After an eventful first week on the Tour de France, a look back at each stage so far.

Dutch rider Mike Teunissen wearing his overall leader's yellow jersey celebrates his victory.   -  REUTERS

After an eventful first week on the Tour de France, a look back at each stage so far.

Stage one: Brussels - Brussels

Out of nowhere the Netherlands' Mike Teunissen emerged from a late crash in the jaunt around Belgium to take the stage win and the yellow jersey that he said was "mine forever and no one can ever take off me".

Stage two: Brussels - Brussels (team time-trial)

Reigning champion Geraint Thomas' Ineos went out first and set a blistering pace, but were denied at the death as the team of the Tour so far, Jumbo-Visma, won by a margin after coming down the ramp last.

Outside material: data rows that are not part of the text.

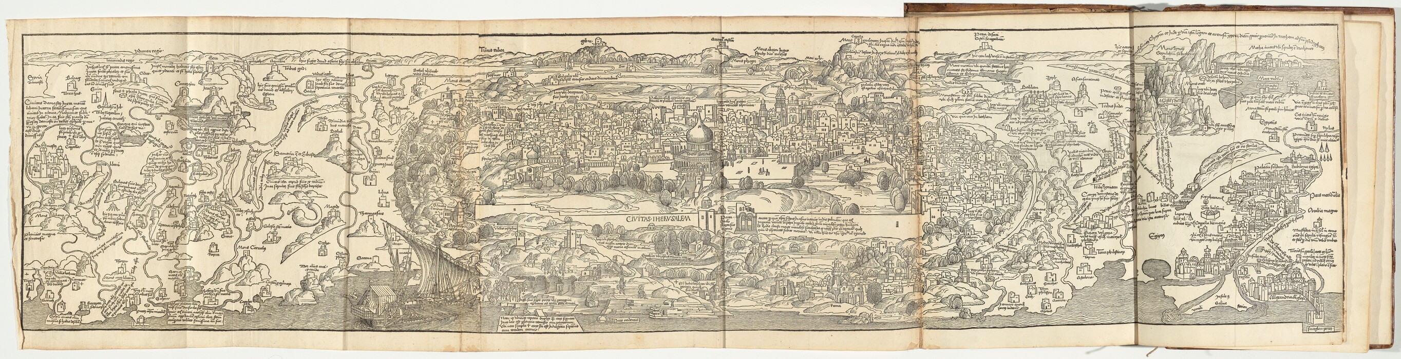 Bernhard von Breidenbach, Erhard Reuwich · 1486 · bound volume illustrated with 24 woodcuts, including 7 folding plates, in a contemporary Jena binding · Accession ID 2001.81.1
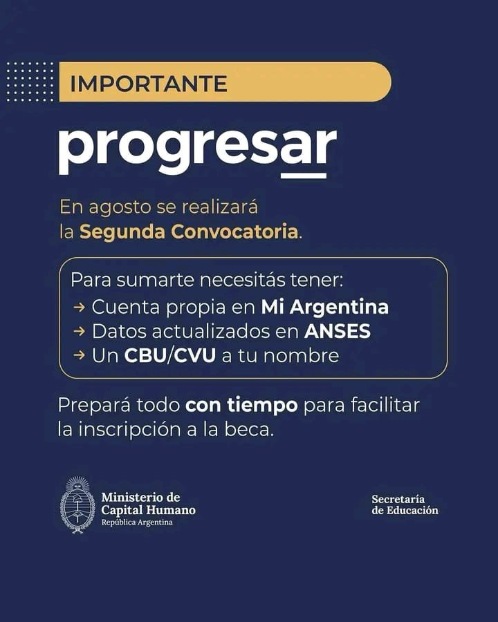 🔹 Tener un CBU o CVU a su nombre, ya que la beca se deposita en una cuenta personal.
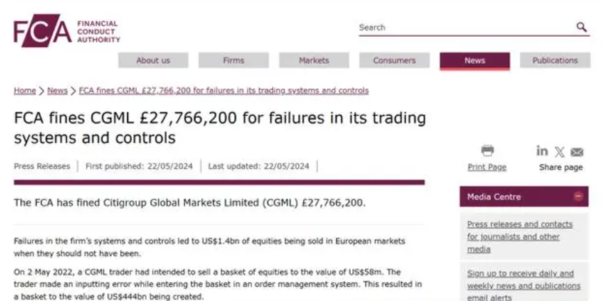 2.此次花旗集團(tuán)的系統(tǒng)違規(guī)行為是導(dǎo)致受到制裁的主要原因之一,在此前的一項(xiàng)違規(guī)事件中,花旗集團(tuán)曾導(dǎo)致歐洲的股市突然出現(xiàn)了持續(xù)幾分鐘的大幅度下跌情況,后續(xù)FCA指出,花旗集團(tuán)的系統(tǒng)設(shè)計(jì)存在缺陷,導(dǎo)致實(shí)施監(jiān)管機(jī)制無效。
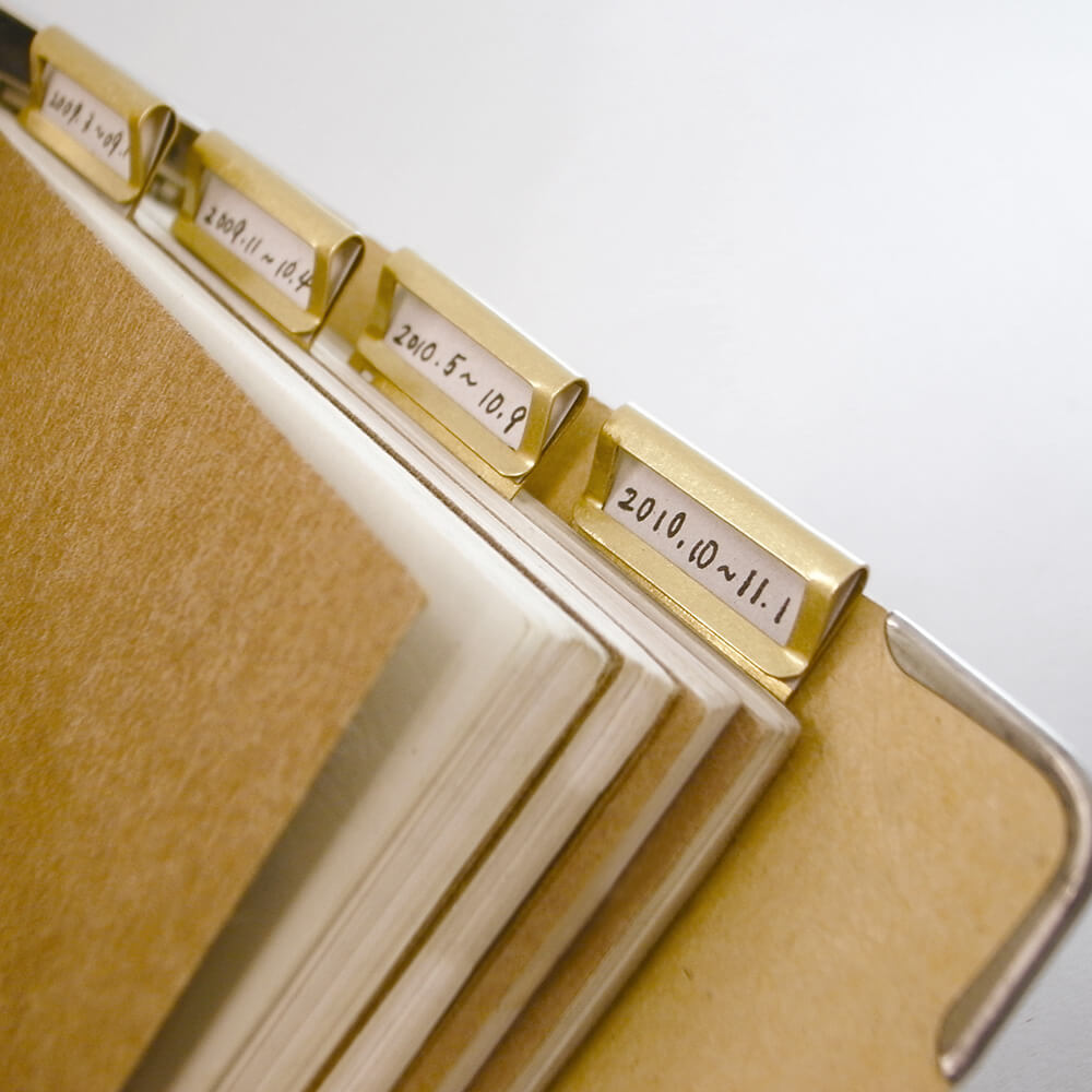 The frame itself functions as a clip, allowing it to serve as a label holder when placed on a notebook cover. Over time, the brass develops a rich patina, turning this simple tool into something quietly personal and timeless.
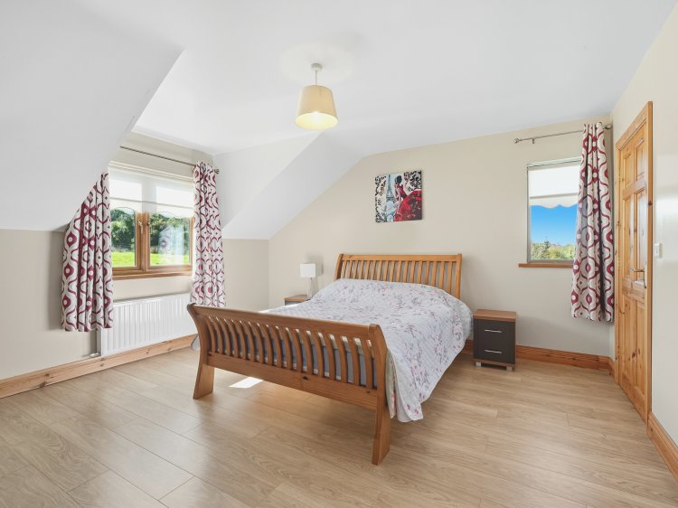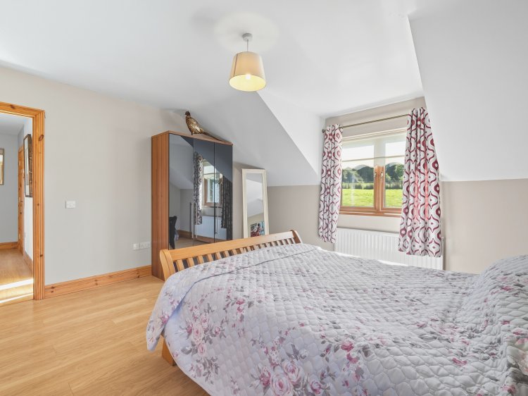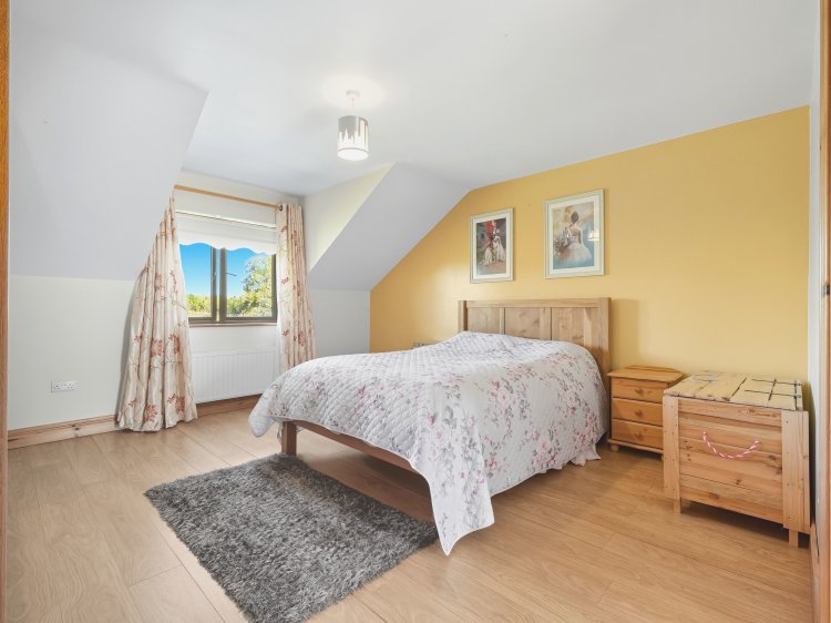 4.30m x 3.50m 14.11ft x 11.48ft | Finished with laminate wood flooring. This room is ensuite and it has windows on two gables. |
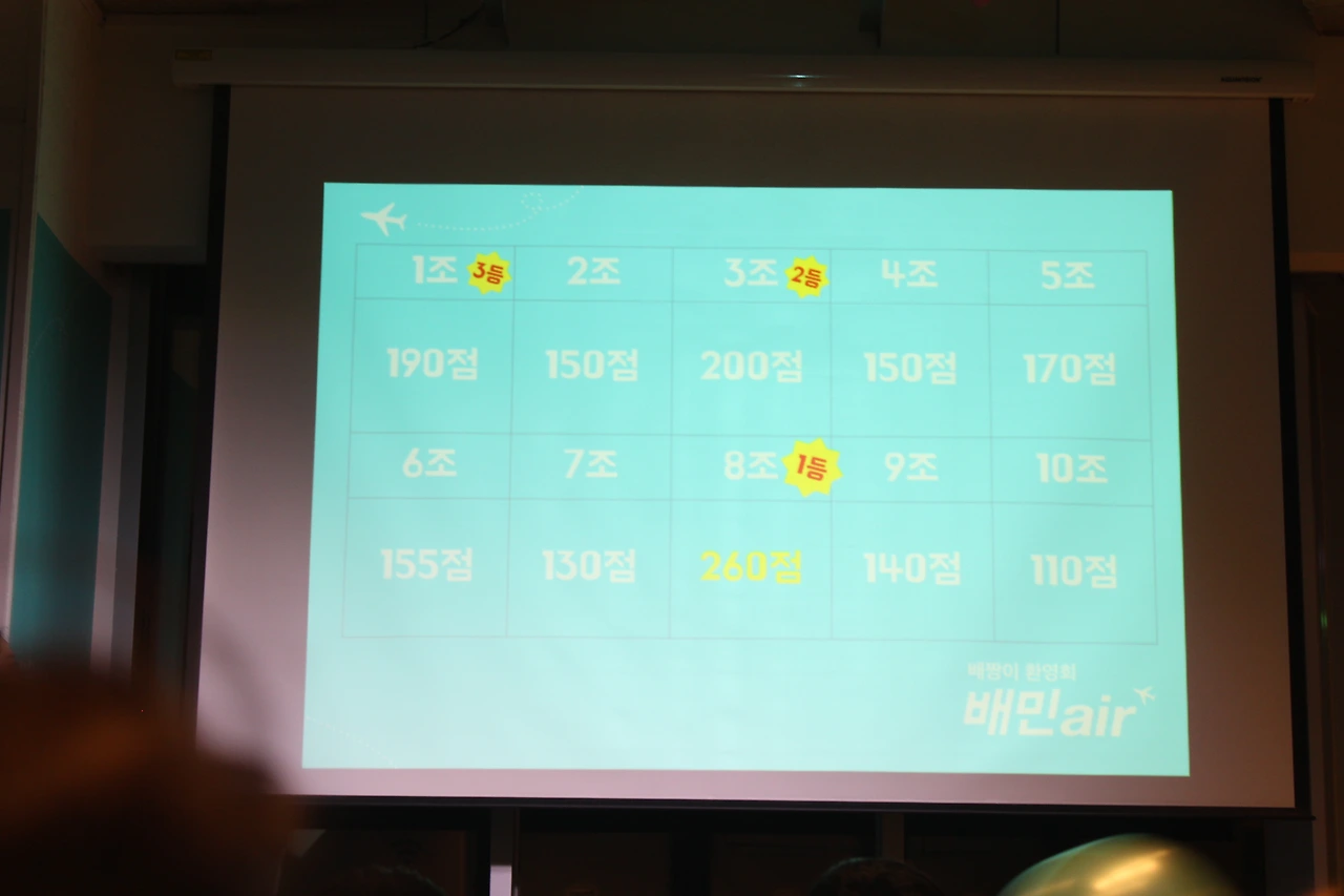그리고 아까 미션 게임 시상식이 진행되었다. 우린 3조!

Stage three: Binche - Epernay

Former soldier Julian Alaphilippe cried as the host country cracked open the bubbly when he became the first Frenchman to take the yellow jersey in five years, roaring through the champagne vineyards with a gun-slinging 15km 'break for the border' dash.

Stage four: Reims - Nancy

"I've done it at last," said Elia Viviani after his win at 70 kph completed a Grand Tour hat-trick to add to his Giro and Vuelta stage victories. But the spotlight was firmly fixed on Frenchman Alaphilippe in the leader's livery as his name was shouted by spectators from start to finish.

Stage five: Saint-Die-Des-Vosges to Colmar

While Alaphilippe was cheered throughout for a second straight day, Slovakia's Peter Sagan won his 12th Tour de France stage, reserving enough strength over the hills of Alsace to storm a reduced bunch sprint.

Stage six: Mulhouse - La Planche des Belles Filles

Welshman Thomas defied his doubters by putting time into all of his key rivals for the overall title as Belgian Dylan Teuns won atop La Planche des Belles Filles and his breakaway partner, Italian Giulio Ciccone, snatched the yellow jersey on the iconic mountain stage.

Stage seven: Belfort - Chalon-sur-Saone

Dutch speed king Dylan Groenewegen came out on top to win a tight bunch sprint and make up for his disappointment on stage 1 in Brussels, where he had been well-placed to win but instead fell and watched the finale while sat on the tarmac shouting in anger.